State board 'trying to avoid any more staff cuts' to NC education department

Posted August 24

State Board of Education Chairman Bill Cobey

— In the past month, the North Carolina Department of Public Instruction has laid off seven full-time employees, cut pay for 19 others and eliminated eight vacant positions due to mandated budget cuts. With $737,000 in budget cuts yet to be made, the State Board of Education chairman said he's hopeful the department's remaining employees can keep their jobs.

"Let me put it this way, we’re trying to avoid any more staff cuts," Chairman Bill Cobey told WRAL News by phone Thursday, noting that he can't make any guarantees.

The state board has been working this summer to reduce the state education department's operating funds by 6.2 percent – $3.2 million – after the General Assembly voted to cut the department's budget.

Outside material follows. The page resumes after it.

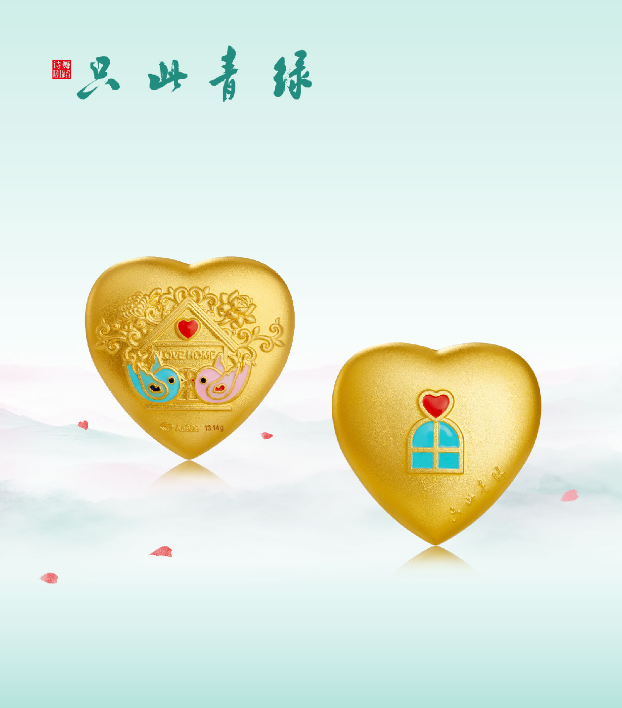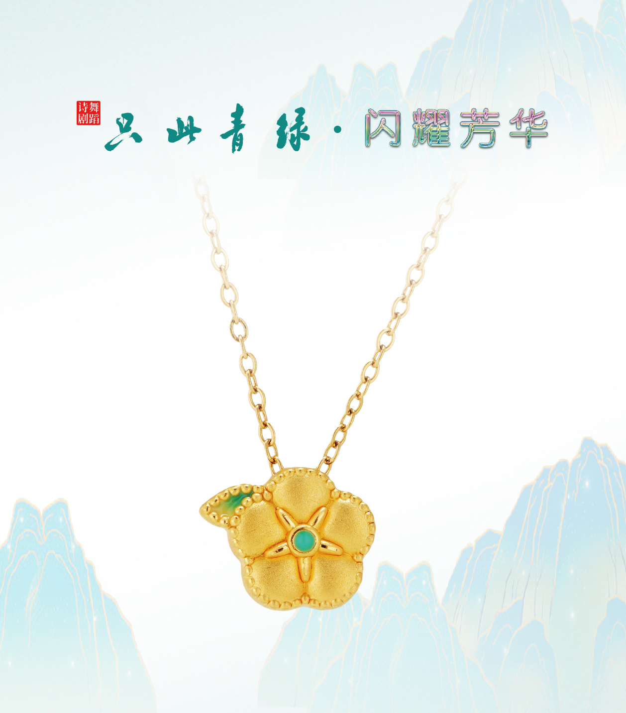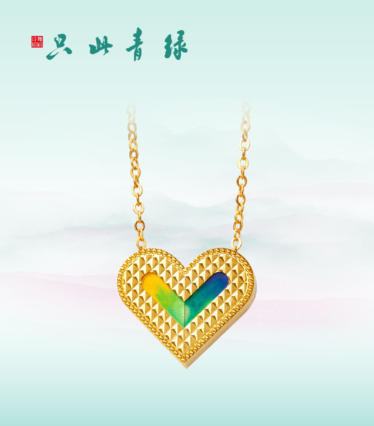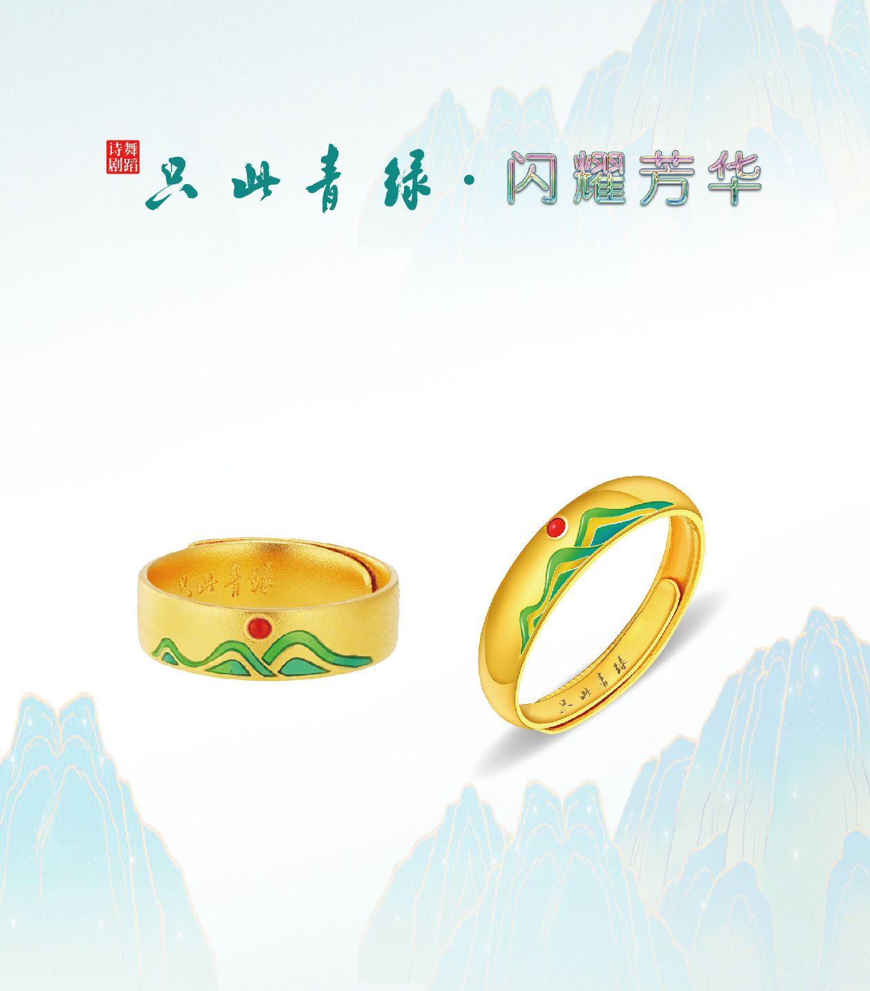 只此青绿·宋韵金系列以《只此青绿》舞蹈诗剧为源,选取汝窑色天青、粉青,精选冰裂纹、宋锦、宋花等辅助元素,将璀璨的宋代美学风格与精湛的现代金饰工艺结合,以典雅气韵,装点新中式穿搭体验,诠释了东方文化中的知性阔达与含蓄睿智之美,彰显中华美学之意蕴。本季青绿·宋韵金系列产品设计选取宋代汝瓷中最被广泛使用的天青色与宋代女性妆面浅朱微红之色为主色系,并精选宋代文化中具有鲜明特点的宋瓷、四合如意、马面裙和繁花作为核心设计元素进行创意融合,通过古法、5G、CNC、珐琅等先进工艺打造,不炫不燥,意蕴深远,彰显东方女性独有的知性阔达,以东方审美“语言”诠释现代时尚金饰之美。

Last month, the state board approved $2.5 million in cuts – $1.6 million in staff layoffs and more than $865,000 in operating reductions – most of which are expected to impact low-performing schools and teacher training in the state. This week, the board met in closed session to discuss where to cut some of the remaining $737,000.

Staff presented the board with several options, including paying four employees' salaries with federal money instead of state funds, allowing the staffers to keep their jobs. That would also save the department from paying severance to the employees if they were laid off.

"I’m hopeful that we wont have to cut any more personnel this time around. I’m still not sure, still not 100 percent," Cobey said. "The staff was going back and working on different ideas about how to shift funds."

The board is also considering reducing the department's salary reserve by $70,000, meaning the agency would have less flexibility with salaries for current and future employees.

"In other words, it just takes away that option of adding money to another position that is reclassified or a payment needs to be increased in that position because we haven’t been able to recruit in the salary that is there," Cobey said.

Some proposed operating reductions to the department include more than $230,000 in travel cuts.

"I’m not happy that we’re cutting operations this much," Cobey said. "However, as long as we're leaving enough operation money for our remaining staff to get their job fully done, I’m OK with it. But I think you have to be careful as to how you cut back operating expenses, because if staff needs to travel you don’t want to force them to have to stay in the office."

The state board is expected to vote on where to cut the remaining $737,000 at its meeting on Sept. 7. In the meantime, Cobey said he hopes lawmakers will scrap plans for an even bigger cut to the department next year. The General Assembly voted to reduce the department's operating funds 13.9 percent – $7.3 million – for 2018-19.

"My greatest desire is that the General Assembly will see how hard we have worked on this and take a look at the result of our budget cuts and decide to back off of the additional budget cuts that have been passed for the second year," Cobey said.